## ASSIGNMENT
Without copying any picture, transcribe exactly the lines of the data below from the one containing "PINK GEOMETRIC VOTIVES" through the one containing "The Sveaplan building from behind.".

## Stored dataset items
'''
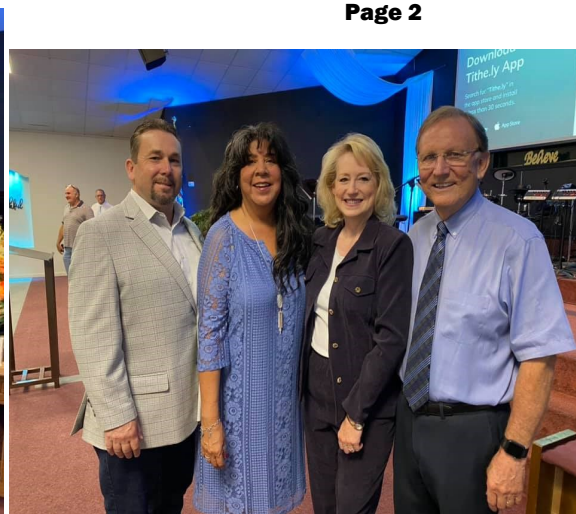
Springs of Praise Church Crystal Springs, MS
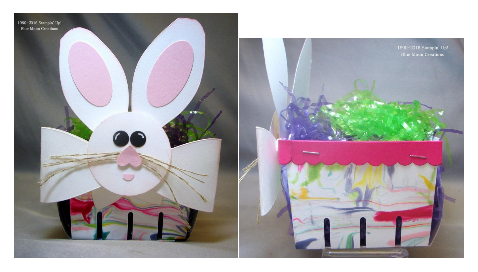
Easter Bunny in a shaving cream berry basket.
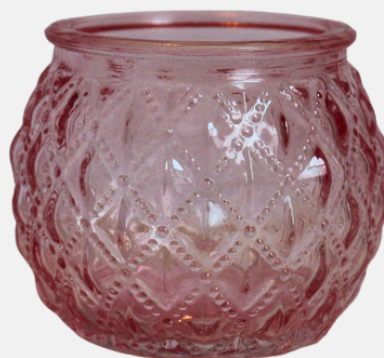
PINK GEOMETRIC VOTIVES
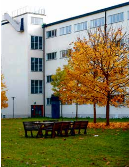
The Sveaplan building from behind.

One of the last strategic decisions that I took part in as director of CHESS was to launch an international ‘Master’s Programme in Population health’, today renamed as ‘Public health’. The board of CHESS discussed this in several meetings, realizing that it was a watershed decision. It encouraged us to take up this new task. The first students, around 25 persons, started in the autumn of 2008; half of them had a Swedish back-
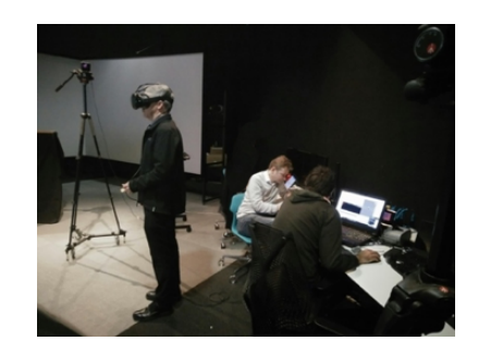
Figure 2. Participant using the HMD simulator to detect an object of interest in maritime SAR imagery.

computational power and bandwidth for real-time stitching and processing of uncompressed video streams for this simulator environment.
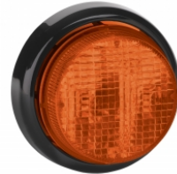
Part Number 0345521 12-24V ECE LED Turn Signal with 90mm Mounting Assembly Adapter
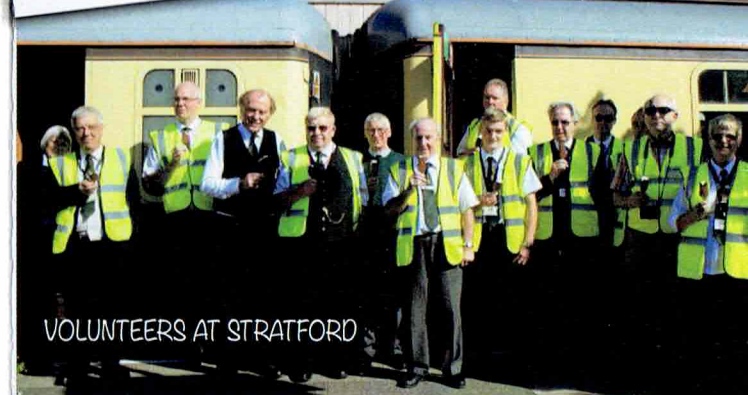
VOLUNTEERS AT STRATFORD
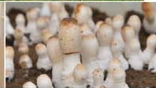
Coprinus comatus .
'''
## WRITTEN ANSWER
PINK GEOMETRIC VOTIVES
The Sveaplan building from behind.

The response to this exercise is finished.